▶ **Your assignment**
Each record that follows should be repeated exactly, minus any images.

Top of Provided records

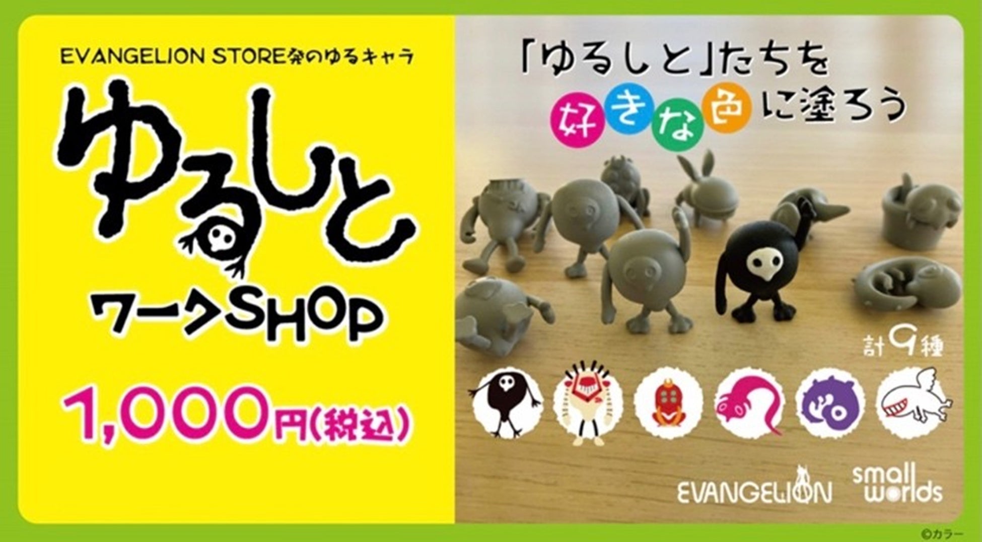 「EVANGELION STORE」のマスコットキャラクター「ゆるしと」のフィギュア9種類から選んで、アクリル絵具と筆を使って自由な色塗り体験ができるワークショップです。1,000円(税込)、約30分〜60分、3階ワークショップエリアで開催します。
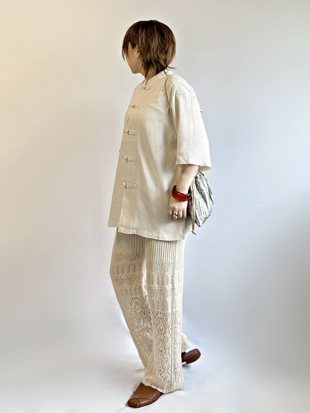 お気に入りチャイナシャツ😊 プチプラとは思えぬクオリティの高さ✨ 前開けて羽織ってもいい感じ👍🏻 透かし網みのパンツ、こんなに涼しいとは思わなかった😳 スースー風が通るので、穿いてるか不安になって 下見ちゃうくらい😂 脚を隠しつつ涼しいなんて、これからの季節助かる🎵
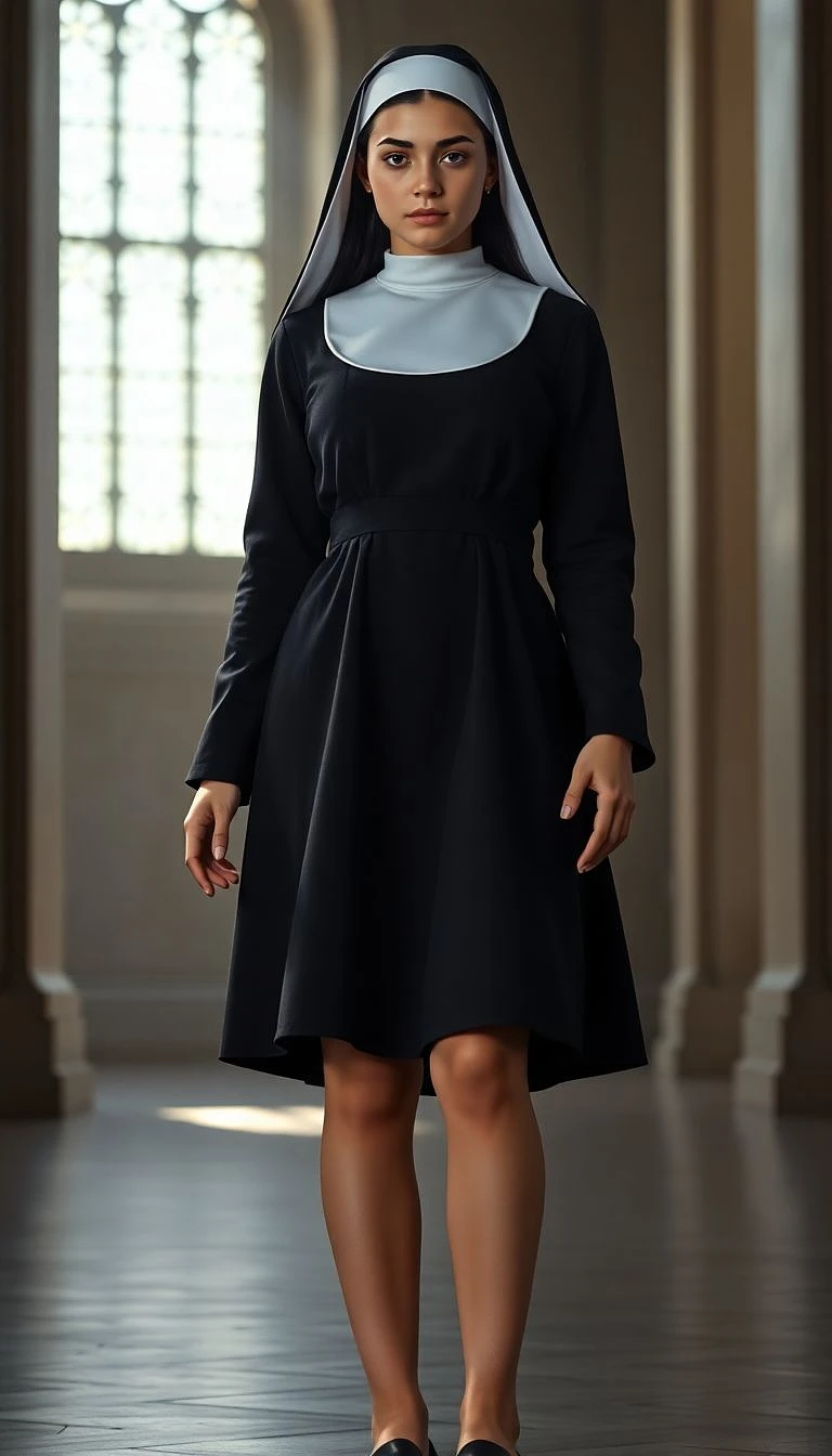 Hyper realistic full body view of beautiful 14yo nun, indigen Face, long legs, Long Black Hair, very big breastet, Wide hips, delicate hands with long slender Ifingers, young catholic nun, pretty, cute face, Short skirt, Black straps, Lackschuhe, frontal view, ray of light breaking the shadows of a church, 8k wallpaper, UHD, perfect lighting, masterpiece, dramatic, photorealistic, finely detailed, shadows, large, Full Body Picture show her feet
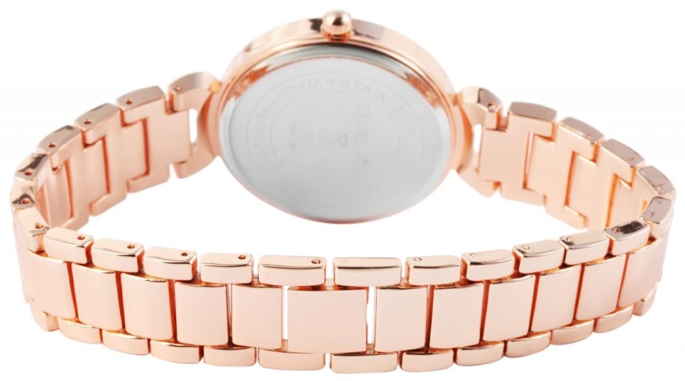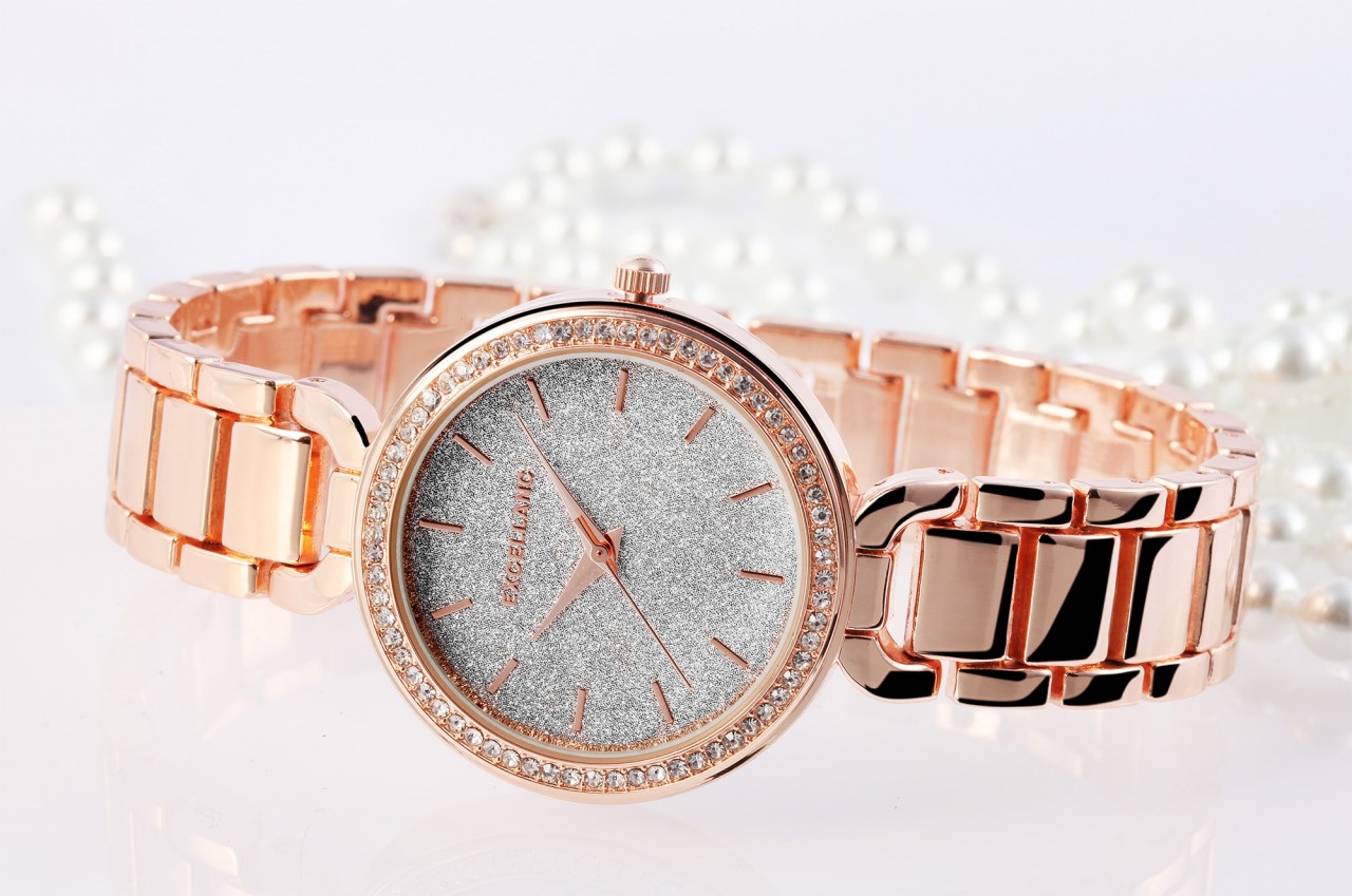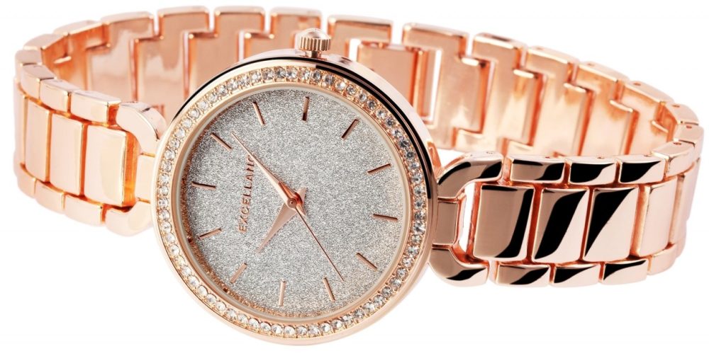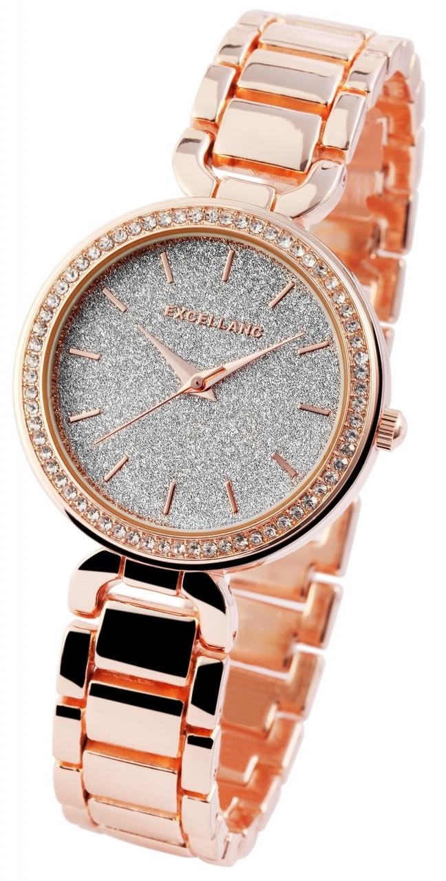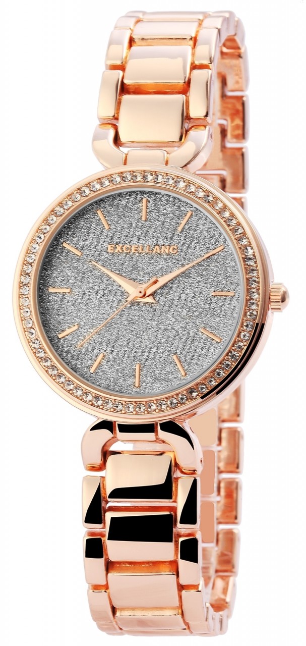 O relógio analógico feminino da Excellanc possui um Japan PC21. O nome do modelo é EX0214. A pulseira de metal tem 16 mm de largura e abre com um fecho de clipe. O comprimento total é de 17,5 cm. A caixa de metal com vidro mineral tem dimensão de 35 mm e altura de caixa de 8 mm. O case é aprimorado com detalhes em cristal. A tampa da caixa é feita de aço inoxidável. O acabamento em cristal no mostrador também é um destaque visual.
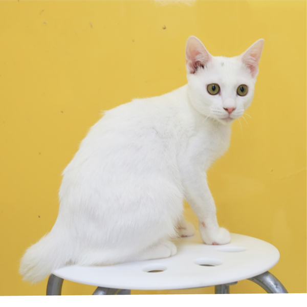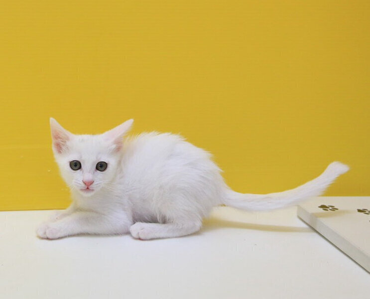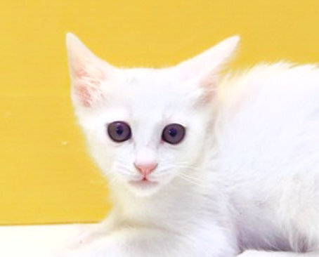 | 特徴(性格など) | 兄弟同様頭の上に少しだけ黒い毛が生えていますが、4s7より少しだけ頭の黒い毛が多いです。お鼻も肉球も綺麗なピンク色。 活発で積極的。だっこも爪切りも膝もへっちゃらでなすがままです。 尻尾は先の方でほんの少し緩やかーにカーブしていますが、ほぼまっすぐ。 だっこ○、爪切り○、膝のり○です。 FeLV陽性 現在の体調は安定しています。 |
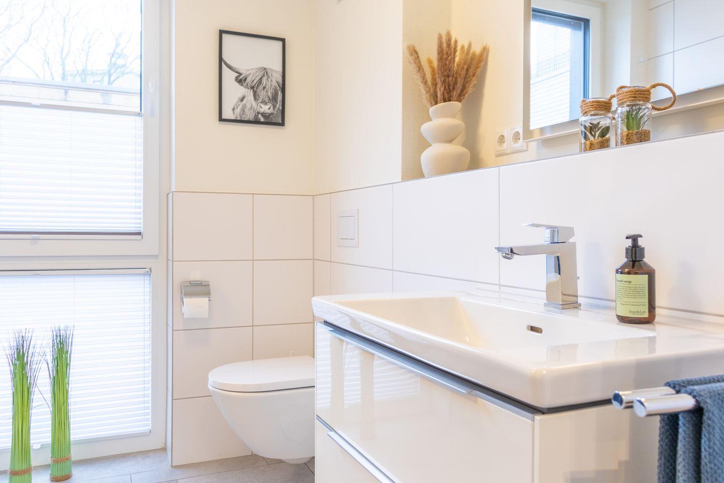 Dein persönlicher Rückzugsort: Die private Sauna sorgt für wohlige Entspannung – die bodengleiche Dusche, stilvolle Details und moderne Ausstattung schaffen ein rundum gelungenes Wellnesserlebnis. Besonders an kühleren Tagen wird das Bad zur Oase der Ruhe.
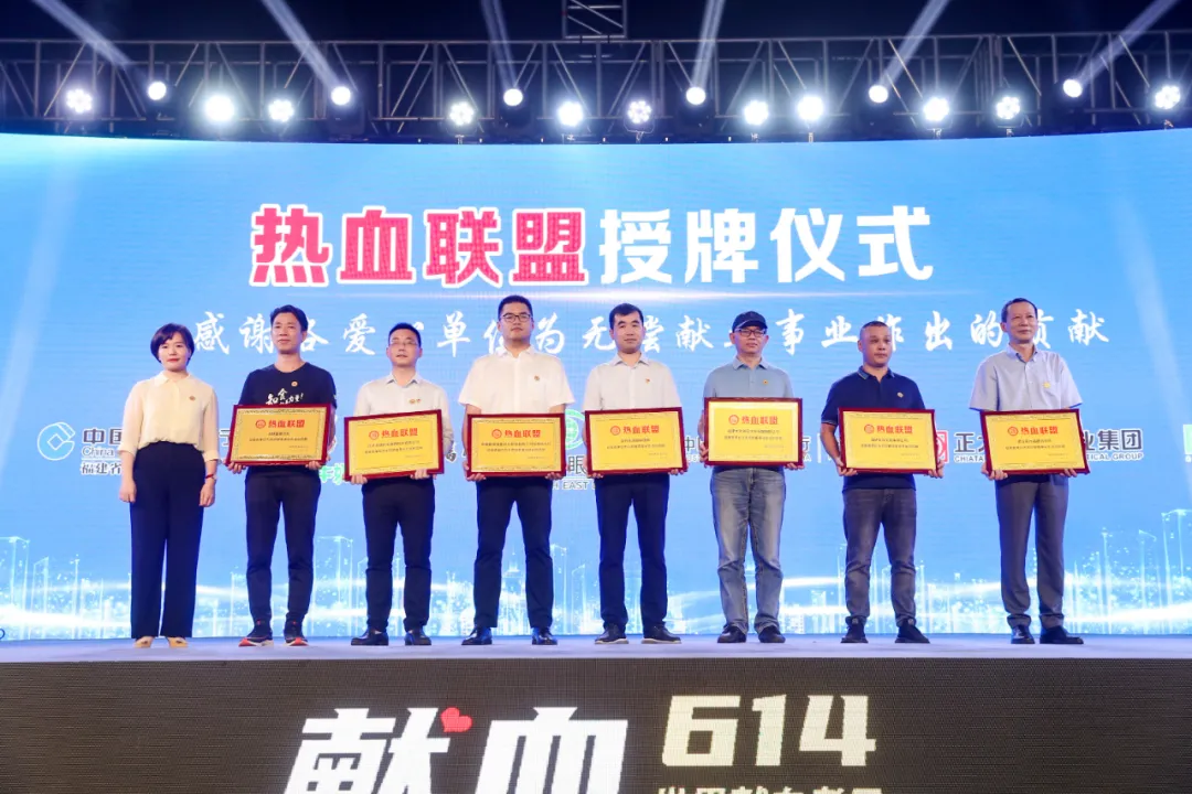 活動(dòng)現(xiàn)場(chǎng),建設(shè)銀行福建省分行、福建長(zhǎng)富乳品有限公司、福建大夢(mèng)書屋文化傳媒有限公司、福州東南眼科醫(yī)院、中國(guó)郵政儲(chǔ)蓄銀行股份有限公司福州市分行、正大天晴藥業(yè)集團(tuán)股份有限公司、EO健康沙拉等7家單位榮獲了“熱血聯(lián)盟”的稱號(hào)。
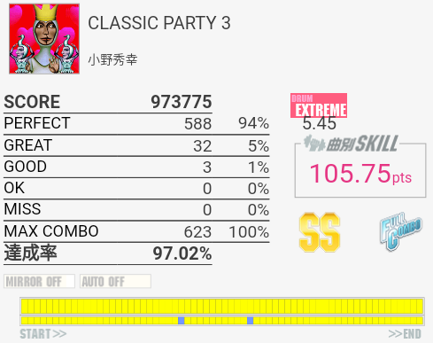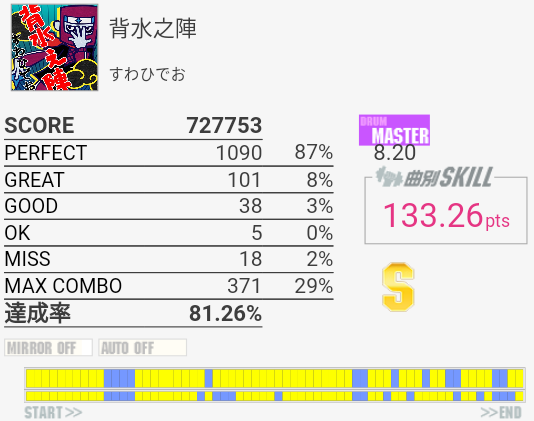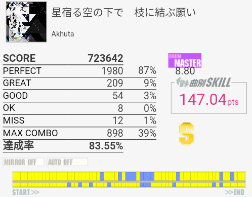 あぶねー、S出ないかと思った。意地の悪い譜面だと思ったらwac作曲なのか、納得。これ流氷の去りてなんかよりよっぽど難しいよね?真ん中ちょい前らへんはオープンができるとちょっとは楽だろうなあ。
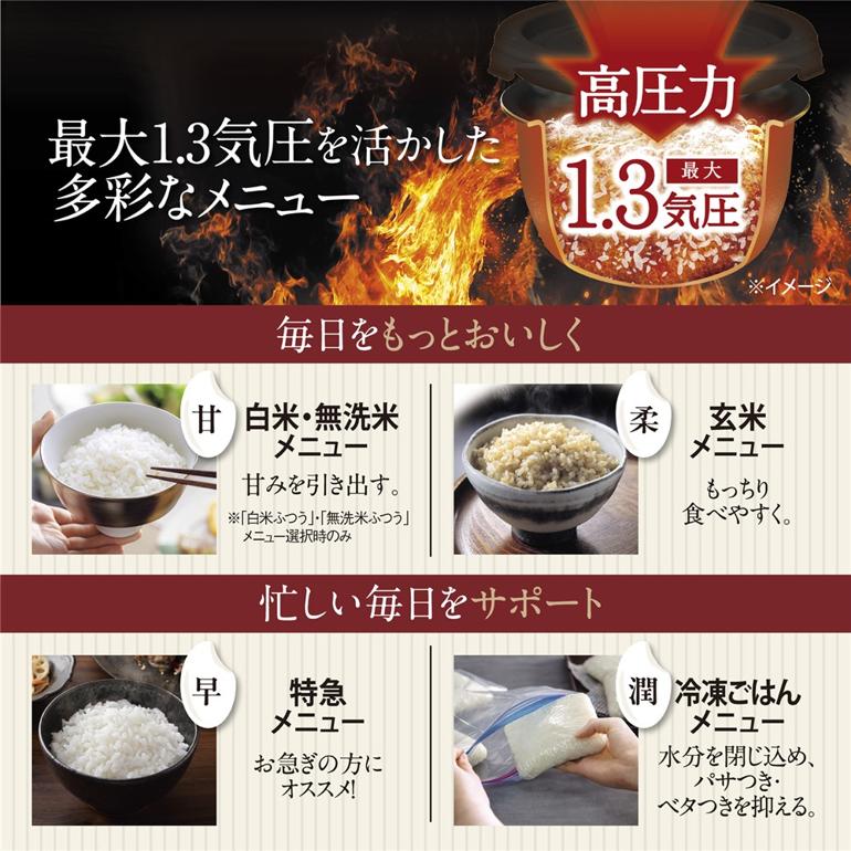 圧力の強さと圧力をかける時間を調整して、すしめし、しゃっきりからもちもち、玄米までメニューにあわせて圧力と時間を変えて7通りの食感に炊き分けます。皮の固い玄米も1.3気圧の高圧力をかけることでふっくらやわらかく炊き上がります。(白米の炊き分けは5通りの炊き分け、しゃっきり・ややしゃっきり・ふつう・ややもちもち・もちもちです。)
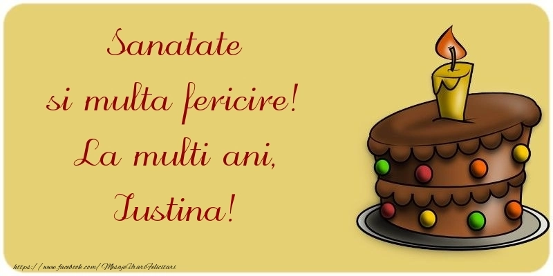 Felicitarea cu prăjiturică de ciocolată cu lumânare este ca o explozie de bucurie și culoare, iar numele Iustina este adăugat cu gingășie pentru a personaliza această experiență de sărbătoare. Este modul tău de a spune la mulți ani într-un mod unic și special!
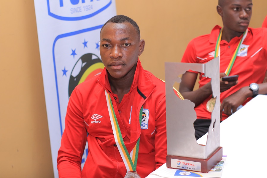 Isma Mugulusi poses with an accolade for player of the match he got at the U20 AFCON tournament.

Bottom of Provided records

▶ **Task result**
 「EVANGELION STORE」のマスコットキャラクター「ゆるしと」のフィギュア9種類から選んで、アクリル絵具と筆を使って自由な色塗り体験ができるワークショップです。1,000円(税込)、約30分〜60分、3階ワークショップエリアで開催します。
 お気に入りチャイナシャツ😊 プチプラとは思えぬクオリティの高さ✨ 前開けて羽織ってもいい感じ👍🏻 透かし網みのパンツ、こんなに涼しいとは思わなかった😳 スースー風が通るので、穿いてるか不安になって 下見ちゃうくらい😂 脚を隠しつつ涼しいなんて、これからの季節助かる🎵
 Hyper realistic full body view of beautiful 14yo nun, indigen Face, long legs, Long Black Hair, very big breastet, Wide hips, delicate hands with long slender Ifingers, young catholic nun, pretty, cute face, Short skirt, Black straps, Lackschuhe, frontal view, ray of light breaking the shadows of a church, 8k wallpaper, UHD, perfect lighting, masterpiece, dramatic, photorealistic, finely detailed, shadows, large, Full Body Picture show her feet
 O relógio analógico feminino da Excellanc possui um Japan PC21. O nome do modelo é EX0214. A pulseira de metal tem 16 mm de largura e abre com um fecho de clipe. O comprimento total é de 17,5 cm. A caixa de metal com vidro mineral tem dimensão de 35 mm e altura de caixa de 8 mm. O case é aprimorado com detalhes em cristal. A tampa da caixa é feita de aço inoxidável. O acabamento em cristal no mostrador também é um destaque visual.
 | 特徴(性格など) | 兄弟同様頭の上に少しだけ黒い毛が生えていますが、4s7より少しだけ頭の黒い毛が多いです。お鼻も肉球も綺麗なピンク色。 活発で積極的。だっこも爪切りも膝もへっちゃらでなすがままです。 尻尾は先の方でほんの少し緩やかーにカーブしていますが、ほぼまっすぐ。 だっこ○、爪切り○、膝のり○です。 FeLV陽性 現在の体調は安定しています。 |
 Dein persönlicher Rückzugsort: Die private Sauna sorgt für wohlige Entspannung – die bodengleiche Dusche, stilvolle Details und moderne Ausstattung schaffen ein rundum gelungenes Wellnesserlebnis. Besonders an kühleren Tagen wird das Bad zur Oase der Ruhe.
 活動(dòng)現(xiàn)場(chǎng),建設(shè)銀行福建省分行、福建長(zhǎng)富乳品有限公司、福建大夢(mèng)書屋文化傳媒有限公司、福州東南眼科醫(yī)院、中國(guó)郵政儲(chǔ)蓄銀行股份有限公司福州市分行、正大天晴藥業(yè)集團(tuán)股份有限公司、EO健康沙拉等7家單位榮獲了“熱血聯(lián)盟”的稱號(hào)。
 あぶねー、S出ないかと思った。意地の悪い譜面だと思ったらwac作曲なのか、納得。これ流氷の去りてなんかよりよっぽど難しいよね?真ん中ちょい前らへんはオープンができるとちょっとは楽だろうなあ。
 圧力の強さと圧力をかける時間を調整して、すしめし、しゃっきりからもちもち、玄米までメニューにあわせて圧力と時間を変えて7通りの食感に炊き分けます。皮の固い玄米も1.3気圧の高圧力をかけることでふっくらやわらかく炊き上がります。(白米の炊き分けは5通りの炊き分け、しゃっきり・ややしゃっきり・ふつう・ややもちもち・もちもちです。)
 Felicitarea cu prăjiturică de ciocolată cu lumânare este ca o explozie de bucurie și culoare, iar numele Iustina este adăugat cu gingășie pentru a personaliza această experiență de sărbătoare. Este modul tău de a spune la mulți ani într-un mod unic și special!
 Isma Mugulusi poses with an accolade for player of the match he got at the U20 AFCON tournament.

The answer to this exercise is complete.